《梦旗红》 (4 / 6)
“此为何意?”特使愕然。
织女云梭轻抚镜缘:“君携标准而来,心中早有高低之秤。此镜名‘去秤镜’,专照评判者自身立场。”她指向镜中过渡带,“真正的遗产,恰在这非东非西、亦东亦西的融合地带。若强用一方标准丈量,犹如以裁衣尺量海浪波纹。”
特使团队中一年轻女士忽有所动。她悄悄离队,绕至镜冢深处。
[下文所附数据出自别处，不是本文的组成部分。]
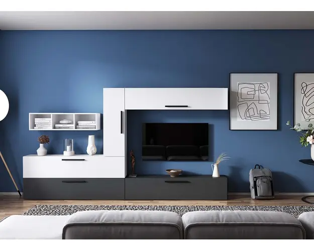 Living Pati 183 - Mobila Sufragerie Gri Antracit + Alb Living Pati 183 - Mobila Sufragerie Gri Antracit + Alb face parte dintr-o categorie de mobilier modern, contemporan ce imbina designul cu utilitatea. Familia de living Pati are 4 decoruri: stejar, alb, gri si beton . Am realizat peste 100 de configuratii din care puteti alege cu dimensiuni si stiluri diferite. Dulapul de haine este optional si puteti alege unul sau mai multe bucati. Livrare gratuita si rapida, 4-10 zile lucratoare prin flota proprie Suntem producatori de mobilier, fara intermediari Toate piesele de mobilier au o garantie de 2 ani Corpurile sunt construite din PAL melaminat de 16mm. Cantul aplicat este de 0,6 ce le permite muchiilor sa fie placute la atingere . Video de prezentare familie Videoul de prezentare poate contine mai multe corpuri de mobilier sau mai putine in comparatie cu produsul de pe aceasta pagina. Scopul acestui video este de a detalia aspectul materialelor, accesoriilor cat si a familiei din care face parte. Dimensiuni Living Pati 183 - Mobila Sufragerie Gri Antracit + Alb Imaginea alaturata prezinta compartimentarea pentru mobila de sufragerie Pati. Aceasta configuratie contine urmatoarele corpuri: 4 x Corp 1380: L 138 x H 29 x A 26.7 cm 1 x Corp 920: L 92 x H 29 x A 26.7 cm 1 x Corp decorativ: L 91.5 x H 23.2 x A 25 cm Optional dulap: L 79.8 x H 185 x A 35 cm Dimensiuni totale living Pati Fara dulap: L 276 x A 26.7 x H 160 cm Cu un dulap: L 355.8 x A 35 x H 185 cm Spatiul de TV: diagonala maxima 139 cm.Toate corpurile se pot pune pe stanga sau pe dreapta in functie de cum doriti. Nu este obligatoriu pozitionarea ca in prezentare. Ele nu sunt prinse unul de celalalt, sunt independente. SCHITA MONTAJ corp 1380 comoda / inferior SCHITA MONTAJ CORP 1380 SUPERIOR SCHITA MONTAJ CORP 920 vertical SCHITA MONTAJ CORP DECORATIV SCHITA MONTAJ dulap 2U Pati Pretul afisat nu include alte accesorii sau obiecte de decor (TV, tablouri, elemente de iluminat, covor etc.) Dimensiunile sunt exprimate in cm si pot oscila intre ± 10 mm. Produsul se livreaza demontat si este insotit de accesorii si instructiuni de asamblare. Produsul cu denumirea Living Pati 183 - Mobila Sufragerie Gri Antracit + Alb face parte din brandul Mobila laguna, se afla in categoria Mobila living si sufragerii si subcategoria

在一面不起眼的小镜前,她看见镜像:左侧是维也纳金色大厅演奏莫扎特,右侧是苏州园林里昆曲《牡丹亭》,声波在镜中交汇处,竟化作可见的螺旋纹——正是DNA双螺旋结构。
她惊呼:“这不可能!音乐与生物结构怎会……”
不知何时,观寰台老者已立身后:“姑娘可知,昆曲水磨腔的声波频率,与某些蛋白质分子振动频率暗合?西方交响乐的谐波序列,亦可在叶脉分形中找到对应。天地大道,本在有无之间相通。”
第六章各从容处
特使团驻留七日,初时每日丈量、拍照、采样、访谈。至第三日,金丝眼镜特使的评估表边角,开始出现随手画的小图:将哥特式尖拱与佛塔檐角嫁接,给罗马柱雕上云纹。第五日,他竟向鲁衡请教铜镜铸造的火候。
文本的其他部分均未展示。